Abdelkader Harizi

Personal information
- Full name: Abdelkader Harizi
- Date of birth: July 14, 1987 (age 38)
- Place of birth: Djendel, Algeria
- Position: Midfielder

Team information
- Current team: USMM Hadjout

Youth career
- 2004–2005: CRB Djendel

Senior career*
- Years: Team / Apps / (Gls)
- 2005–2010: CR Belouizdad / - / (-)
- 2010–2011: USM Blida / 44 / (8)
- 2011–2012: MC Oran / 23 / (0)
- 2012–2013: MC El Eulma / 0 / (0)
- 2013–2014: Espérance sportive de Mostaganem / - / (-)
- 2014–: USMM Hadjout / - / (-)

= Abdelkader Harizi =

Algerian footballer (born 1987)

Abdelkader Harizi (born July 14, 1987) is an Algerian football player.

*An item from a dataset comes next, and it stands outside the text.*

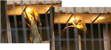 急に冷え込んだ12月中旬、寒さが苦手な動物たちは、おしくら饅頭みたいにみんなで体を寄せ合ったり、遠赤外線の暖房機の下から動かなかったり、大胆にぶら下がったり・・・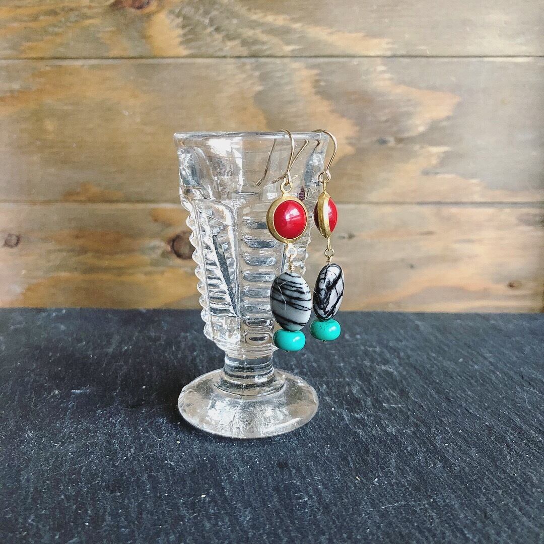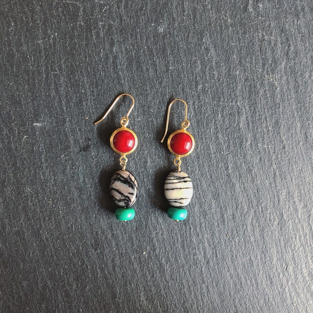 縞模様が特徴的なゼブラジャスパーに、レッドカラーのアンティークガラスパーツとアンティークターコイズでレトロ感あるカラーリングにしました。

He currently plays for MC El Eulma in the Algerian Ligue Professionnelle 1.

==Club career==
On January 7, 2010, it was announced that Harizi had signed a six-month contract with USM Blida, after spending five seasons with CR Belouizdad. On April 14, 2010, he scored his first league goal for USM Blida in a 2–1 loss to ES Sétif.